Este breve recorrido pretende mostrar que la CELAC no surge de un repollo, sino que tiene precedentes en la “memoria larga” -de allí el bolivarianismo al que aludía Chávez y la impronta de nuestros Libertadores-; y de la “memoria mediana” -la resistencia al neoliberalismo, el Caracazo, etc-. La “memoria corta” estaría conformada por aquellos procesos de integración de avanzada, como el ALBA, con una fuerte impronta en cooperación social, humanitaria y despojada del afán de lucro; y con otros que, aún con mayores matices -como UNASUR- han permitido respuestas eficaces en momentos de tensión, tal como sucedió frente al intento de golpe de Estado en Bolivia en 2008.
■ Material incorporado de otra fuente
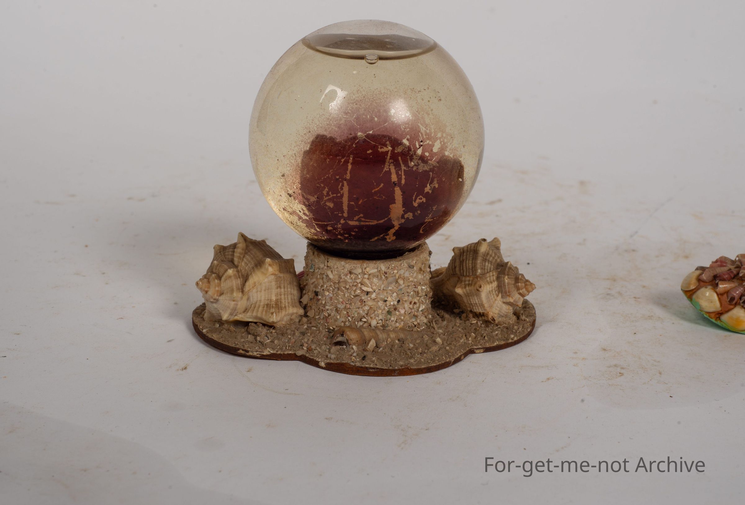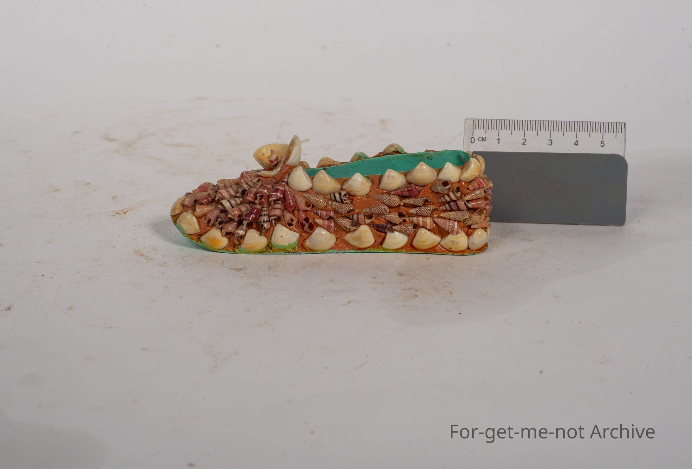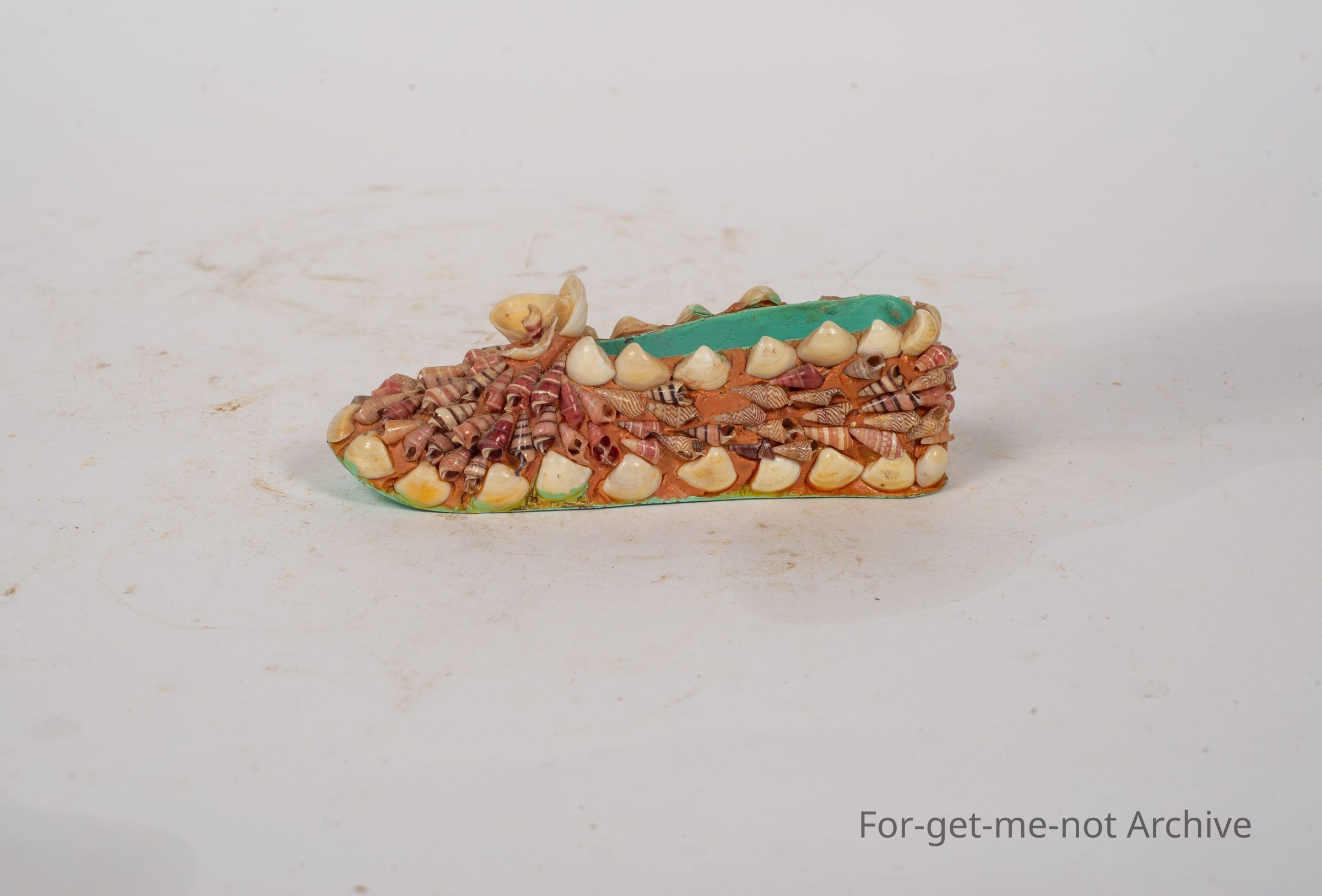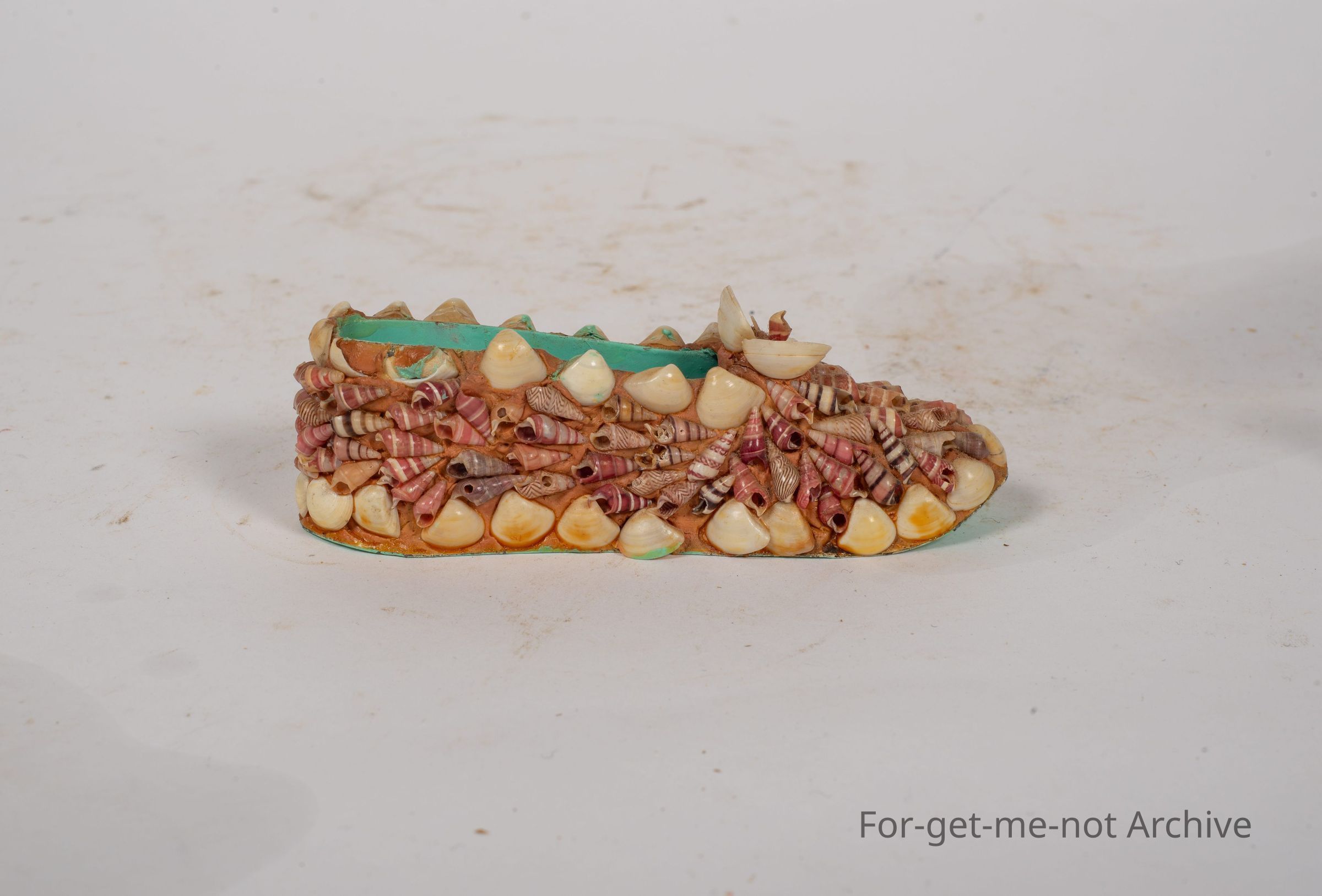 Are 2 more examples of craft pieces made from shells. 1 in the shape of a shoe, the other one a snow dome , has an image of Sydney Harbour Bridge in a bowl with a base of all different shells, has Sydney written on it. The Sydney Harbour Bridge piece is an Australian souvenir made in Sydney. No. Made in Italy for Sydney.Collection

La CELAC deberá, en medio de la crisis del capital, demostrar que América Latina puede -y debe- superar instancias ajenas -como la OEA- a sus desarrollos, ritmos e intensidades. El desafío de los países que proyectan horizontes de verdadera transformación social será el de liderar el bloque para que el “punto de no retorno” se acentúe cada vez más. A juzgar por el papel de Venezuela y Cuba en el próximo cónclave de Caracas, la situación resulta muy favorable.